WHAT THE EXERCISE ASKS :: Reproduce all of the entries character for character, while leaving out any pictures they contain.

GIVEN DATA ::
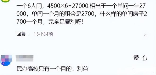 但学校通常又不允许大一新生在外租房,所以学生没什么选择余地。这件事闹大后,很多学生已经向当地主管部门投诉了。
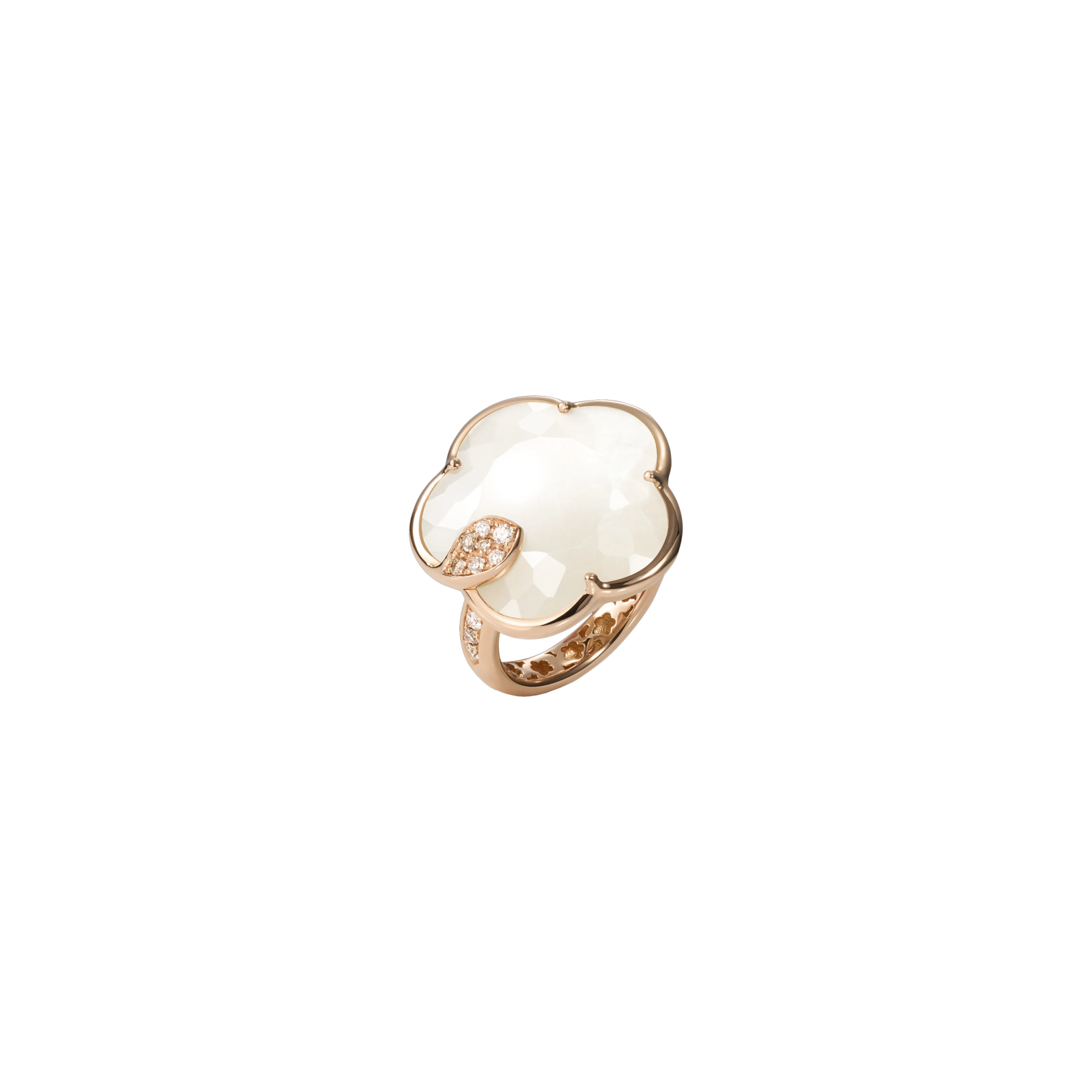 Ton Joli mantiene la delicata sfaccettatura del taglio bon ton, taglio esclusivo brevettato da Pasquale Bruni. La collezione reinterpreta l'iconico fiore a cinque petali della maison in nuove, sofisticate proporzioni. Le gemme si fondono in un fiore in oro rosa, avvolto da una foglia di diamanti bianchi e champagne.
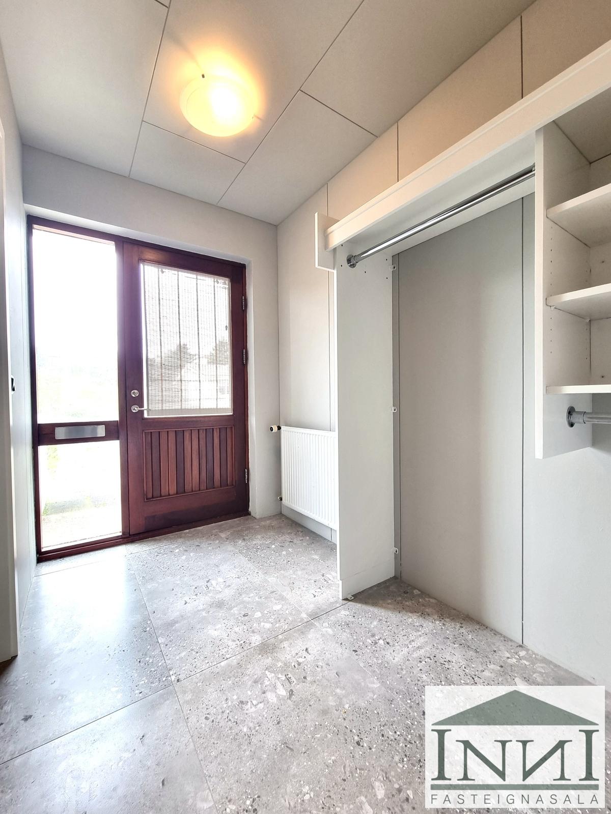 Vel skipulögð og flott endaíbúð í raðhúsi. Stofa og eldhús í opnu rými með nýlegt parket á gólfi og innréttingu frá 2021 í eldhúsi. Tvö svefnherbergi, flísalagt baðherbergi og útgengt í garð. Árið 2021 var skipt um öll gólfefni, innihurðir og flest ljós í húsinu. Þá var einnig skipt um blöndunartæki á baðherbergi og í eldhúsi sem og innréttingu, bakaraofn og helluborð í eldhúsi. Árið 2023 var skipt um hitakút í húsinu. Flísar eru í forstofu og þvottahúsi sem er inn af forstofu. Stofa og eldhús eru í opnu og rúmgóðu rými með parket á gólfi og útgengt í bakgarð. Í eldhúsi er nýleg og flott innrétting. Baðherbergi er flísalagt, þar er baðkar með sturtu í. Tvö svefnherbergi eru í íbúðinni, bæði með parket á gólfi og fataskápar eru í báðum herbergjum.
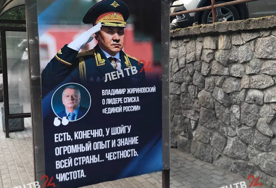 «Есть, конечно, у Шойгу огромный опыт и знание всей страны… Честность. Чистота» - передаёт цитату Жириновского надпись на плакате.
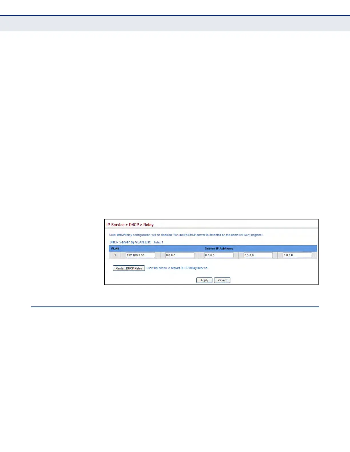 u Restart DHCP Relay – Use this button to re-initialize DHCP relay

EXPECTED OUTPUT ::
 但学校通常又不允许大一新生在外租房,所以学生没什么选择余地。这件事闹大后,很多学生已经向当地主管部门投诉了。
 Ton Joli mantiene la delicata sfaccettatura del taglio bon ton, taglio esclusivo brevettato da Pasquale Bruni. La collezione reinterpreta l'iconico fiore a cinque petali della maison in nuove, sofisticate proporzioni. Le gemme si fondono in un fiore in oro rosa, avvolto da una foglia di diamanti bianchi e champagne.
 Vel skipulögð og flott endaíbúð í raðhúsi. Stofa og eldhús í opnu rými með nýlegt parket á gólfi og innréttingu frá 2021 í eldhúsi. Tvö svefnherbergi, flísalagt baðherbergi og útgengt í garð. Árið 2021 var skipt um öll gólfefni, innihurðir og flest ljós í húsinu. Þá var einnig skipt um blöndunartæki á baðherbergi og í eldhúsi sem og innréttingu, bakaraofn og helluborð í eldhúsi. Árið 2023 var skipt um hitakút í húsinu. Flísar eru í forstofu og þvottahúsi sem er inn af forstofu. Stofa og eldhús eru í opnu og rúmgóðu rými með parket á gólfi og útgengt í bakgarð. Í eldhúsi er nýleg og flott innrétting. Baðherbergi er flísalagt, þar er baðkar með sturtu í. Tvö svefnherbergi eru í íbúðinni, bæði með parket á gólfi og fataskápar eru í báðum herbergjum.
 «Есть, конечно, у Шойгу огромный опыт и знание всей страны… Честность. Чистота» - передаёт цитату Жириновского надпись на плакате.
 u Restart DHCP Relay – Use this button to re-initialize DHCP relay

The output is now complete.